Cloudera Takes Hadoop Security to the Next Level With Sentry: Fine-Grained Authorization for Impala and Apache Hive

Jul/24/2013

New, Open Source Security Module for SQL Query Engines Offers Unprecedented User Access Control; Fulfills Enterprise RBAC Requirements

PALO ALTO, CA--(Marketwired - Jul 24, 2013) - Cloudera, the leader in enterprise analytic data management powered by Apache Hadoop™, today unveiled the next step in the evolution of enterprise-class big data security, introducing Sentry: a new Apache licensed open source project that delivers the industry's first fine-grained authorization framework for Hadoop. An independent security module that integrates with open source SQL query engines Apache Hive and Cloudera Impala, Sentry delivers advanced authorization controls to enable multi-user applications and cross-functional processes for enterprise datasets. This level of granular control, available for the first time in Hadoop, is imperative to meet enterprise Role Based Access Control (RBAC) requirements of highly regulated industries, like healthcare, financial services and government. Sentry alleviates the security concerns that have prevented some organizations from opening Hadoop data systems to a more diverse set of users, extending the power of Hadoop and making it suitable for new industries, organizations and enterprise use cases. Concurrently, the company confirmed it plans to submit the Sentry security module to the Apache Incubator at the Apache Software Foundation later this year.
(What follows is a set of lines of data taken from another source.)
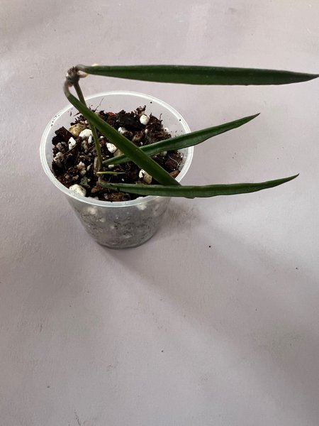 Hoya acicularis, rotad stickling som växer på två tillväxtpunkter. Planterad i en blandning av kokosfiber, perlit och orkidébark.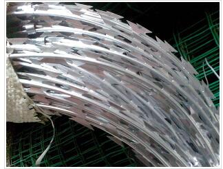 2、框架Y型柱刺絲滾籠:包含Y型立柱,框架網片,刀片刺絲滾籠。這種樣式給網片加上框架,是網片的抵擊強度大大增強,同時造價也有所上漲,運輸費用也油酸上漲。安裝也是很簡單快捷的,安裝場地的適應性比雙邊絲Y型柱護欄網略低。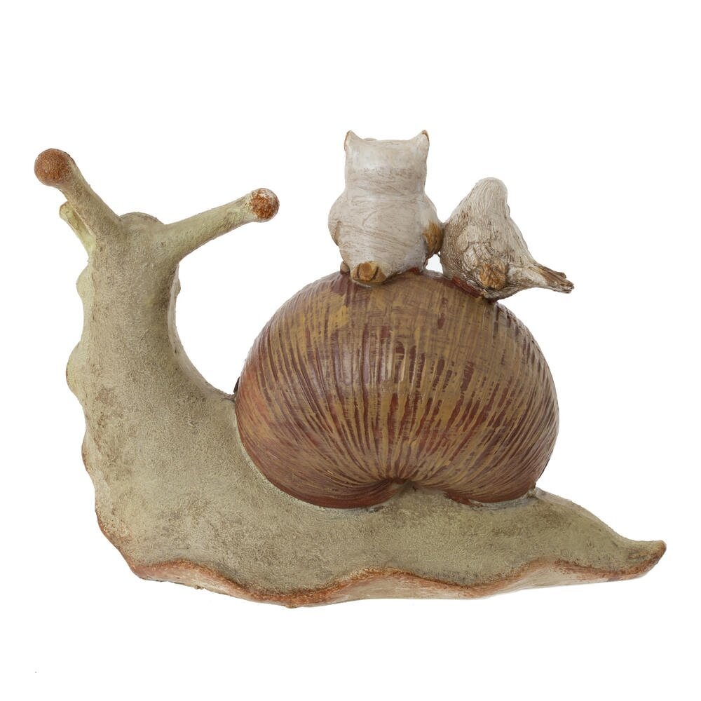 Декоративная фигурка «Улитка» – оригинальный акцент для дома, дачи или сада. На крупном рельефном панцире улитки расположились сова и маленькая птичка, создавая милую сценку дружбы и уюта. Натуральные оттенки коричневого и бежевого, тщательно проработанные детали фактуры и плавные линии делают изделие выразительным и заметным. Фигурка выполнена из прочных полимерных материалов, устойчива к выцветанию и легко очищается от пыли. Подойдёт для оформления подоконника, каминной полки, террасы, а также станет приятным и необычным подарком для любителей садового декора и животных.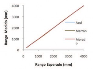 Siendo 𝑎 y 𝑏 los parámetros normales de una línea, 𝑑 la distancia del sensor de rango al objetivo, y 𝑟𝑒𝑠𝑝𝑒𝑟𝑎𝑑𝑜 el valor de rango esperado en la medición.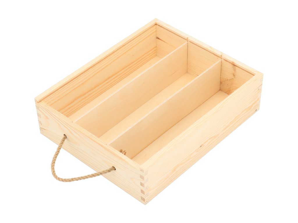Die Geschenktruhe für 3 Weinflaschen aus Kiefernholz eignet sich für alle, die ihre Liebsten stilvoll beschenken wollen.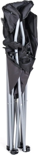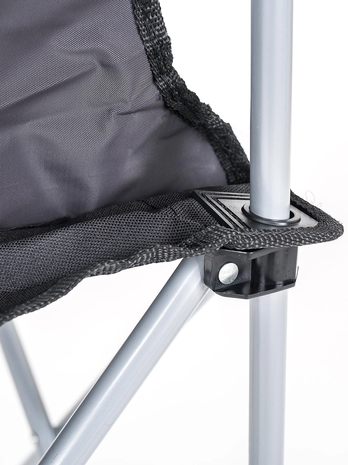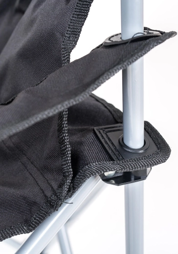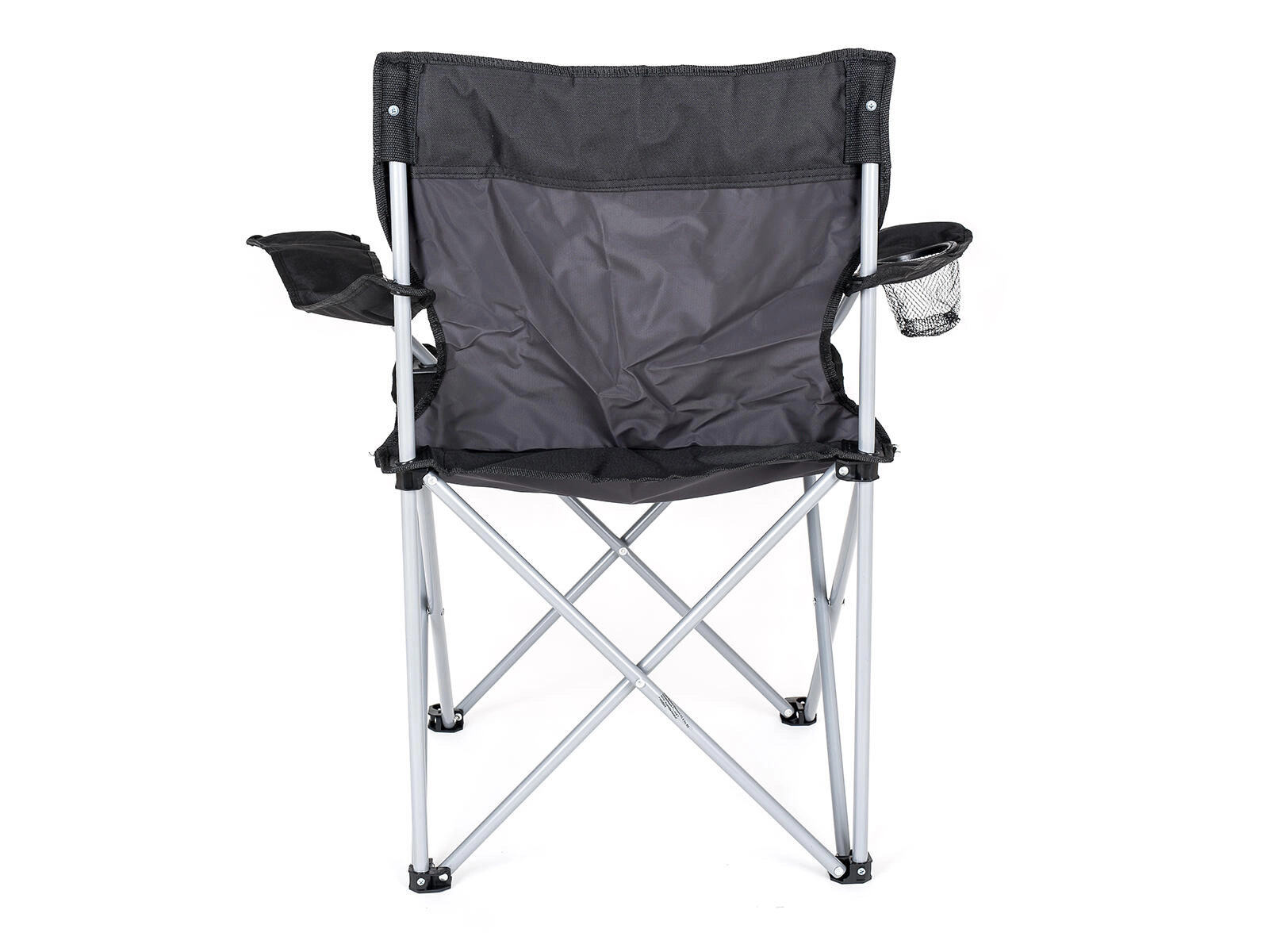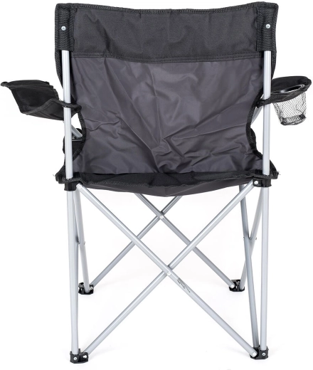 Krzesło ma wygodne podłokietniki, z których jeden wyposażono w zintegrowany uchwyt na napoje. Dzięki kompaktowym wymiarom po złożeniu łatwo mieści się w dołączonym pokrowcu transportowym i nie zajmuje miejsca w samochodzie ani w garażu.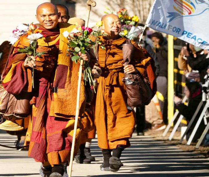 टैक्सास । अमेरिका के टेक्सास राज्य में बौद्ध भिक्षुओं की शांति यात्रा जारी है। 19 बौद्ध भिक्षु एक भारतीय कुत्ते के साथ यात्रा कर रहे हैं।इस स्वान का नाम बौद्ध भिक्षुओं ने आलोका रखा है। बौद्ध भिक्षुओं का यह दल फोर्ट वर्थ से लेकर वॉशिंगटन डीसी की 2300 मिल की पदयात्रा पर निकला है। सभी जगह इनका स्वागत किया जाता है तथा लोग इन्हें खान शाकाहारी खाना भी उपलब्ध कराते हैं। रुकने की व्यवस्था भी जहां से हैं, निकलते हैं वहां के निवासी करते हैं। बौद्ध भिक्षु शांति का प्रतीक बन गए हैं। इस यात्रा का उद्देश्य लोगों में करुणा और शांति का संदेश फैलाना है।
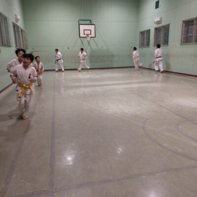 正拳中段突き。基本稽古を佐藤さんと藤田さんにお願いしました。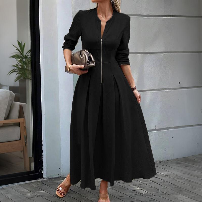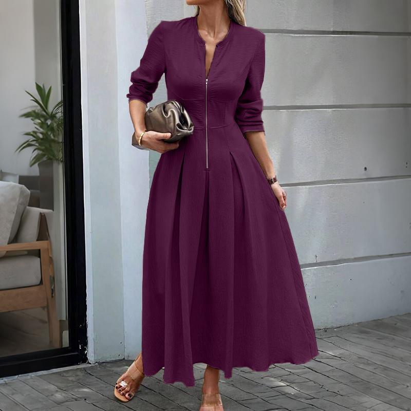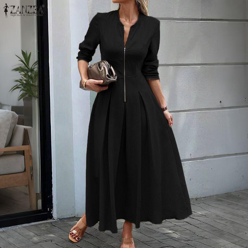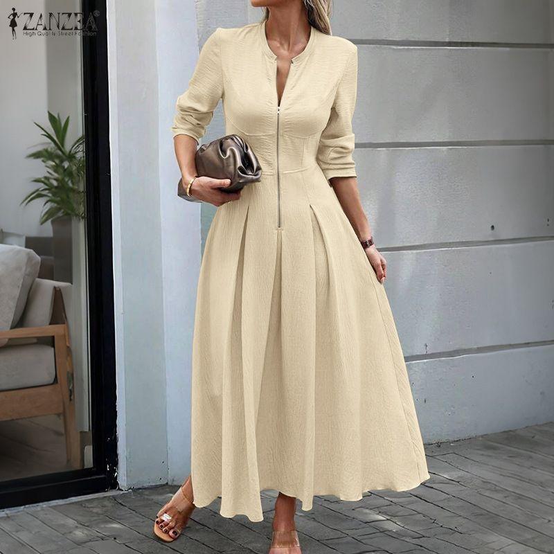 ZANZEA Женское повседневное платье А-силуэта с длинным рукавом и круглым вырезом, на молнии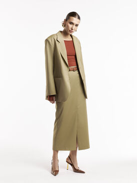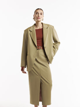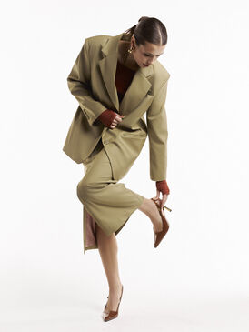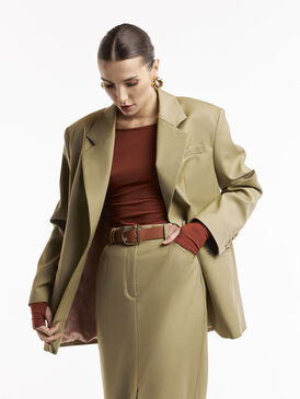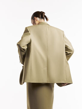Жакет свободного кроя в нежном фисташковом цвете с увеличенными плечами – элегантная и комфортная модель, создающая стильный силуэт. Благодаря свободной посадке жакет легко комбинируется как с классическими брюками, так и с расслабленными джинсами, подчеркивая актуальность образа.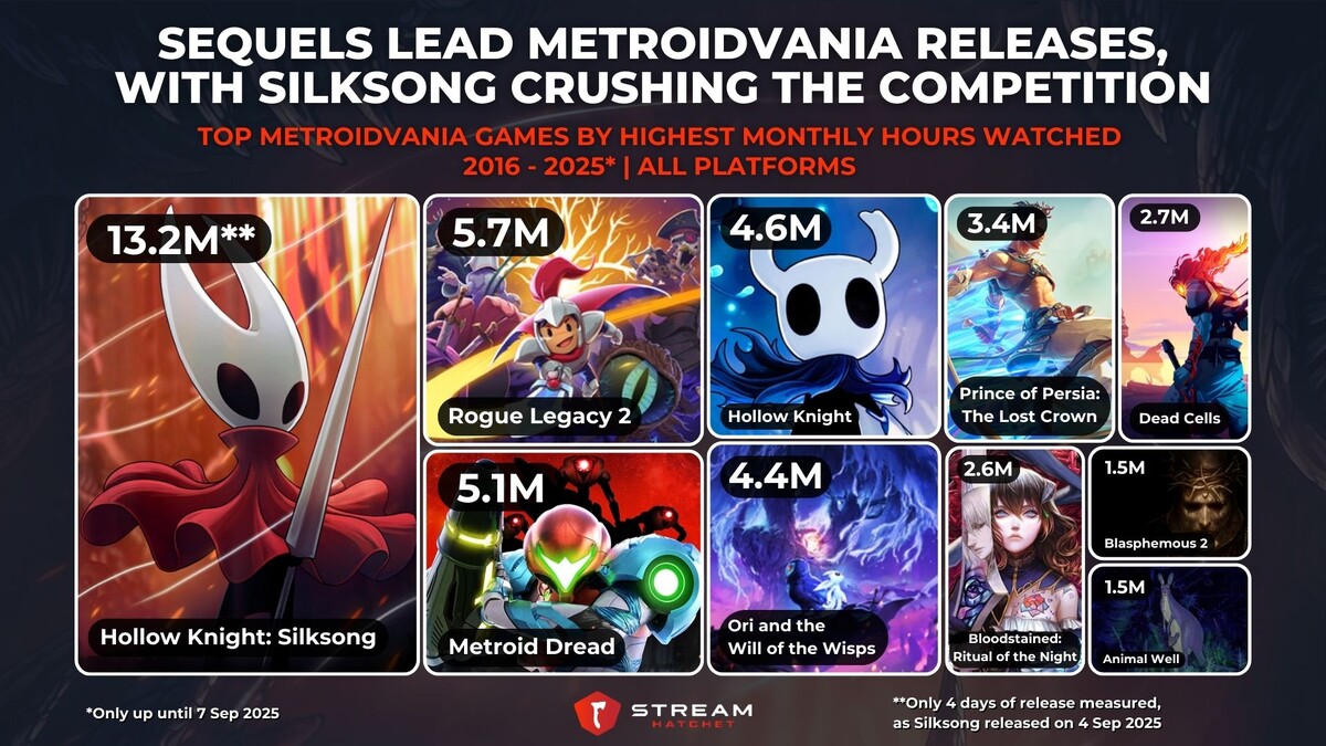Я уже делал пост про лучшие метроидвании 2025 года, а теперь посмотрим, какие еще хорошие игры этого жанра выходили в последние годы. В рамках большого исследования недавнего хита-метроидвании Hollow Knight: Silksong специалисты из аналитического агентства Stream Hatchet, которое занимается исследованиями игровых стримов, составили список самых рейтинговых метроидваний с 2016 по 2025 годы по количеству просмотренных часов на стриминговых площадках в их месяц релиза. В список попали игры, которым удалось собрать от 1.5 млн до 13 млн просмотренных часов в месяц выхода каждой игры. И опять мы видим нереальное преимущество этой игры над остальными проектами внутри жанра. Ведь она набрала не только больше остальных, но и сделала это не за месяц (как остальные), а за 4 дня! То есть если первая Hollow Knight набрала 4 600 000 просмотров в 2017 году за весь февраль, то Silksong превысила эту цифру почти в три раза, причем за несколько дней. Купить Hollow Knight: Silksong в Steam можно здесь: Р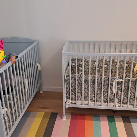 Spjälsäng från Ikea som är nedmonterad. Lättare slitage på sidorna. Madrass medföljer om önskas. 300 kr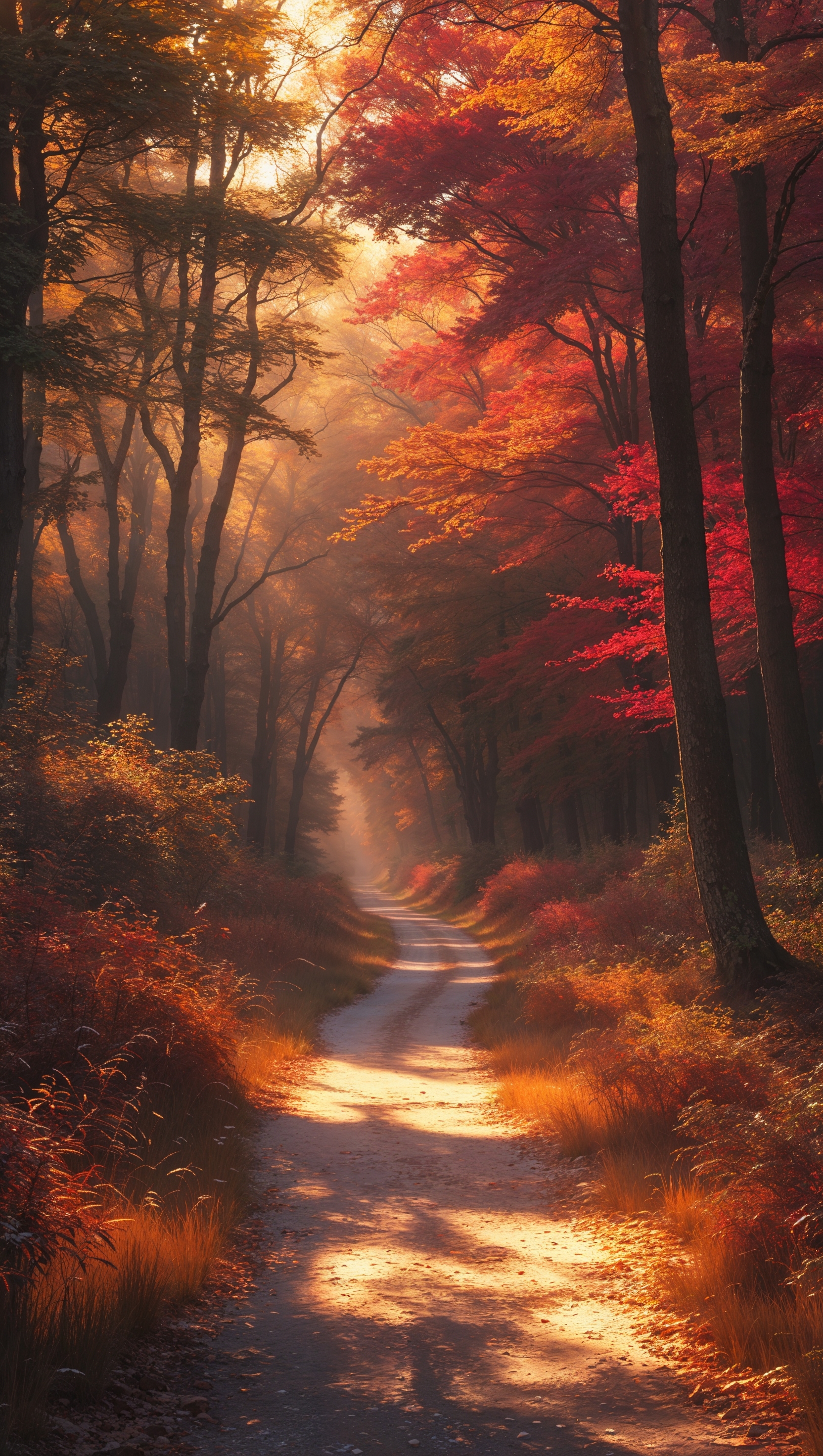 1664x2944 A walking trail in an autumn forest with soft sunlight in September

Apache Hadoop and the Information Security Dilemma
As more enterprises look to embrace the power and benefits of Hadoop, addressing the platform's inherent security vulnerabilities has become paramount. For data safeguards to be deemed compliant with standard data regulatory requirements, each of the four functional areas of information security must be achieved:

    1.  Perimeter: Guarding access to the cluster itself through network security, firewalls and ultimately, authentication to confirm user identities.
    2.  Data: Protecting the data in the cluster from unauthorized visibility through masking and encryption, both at rest and in transit.
    3.  Access: Defining what authenticated users and applications can do with the data in the cluster through file system ACLs and fine-grained authorization.
    4.  Visibility: Reporting on the origins of data and on data usage through centralized auditing and lineage capabilities.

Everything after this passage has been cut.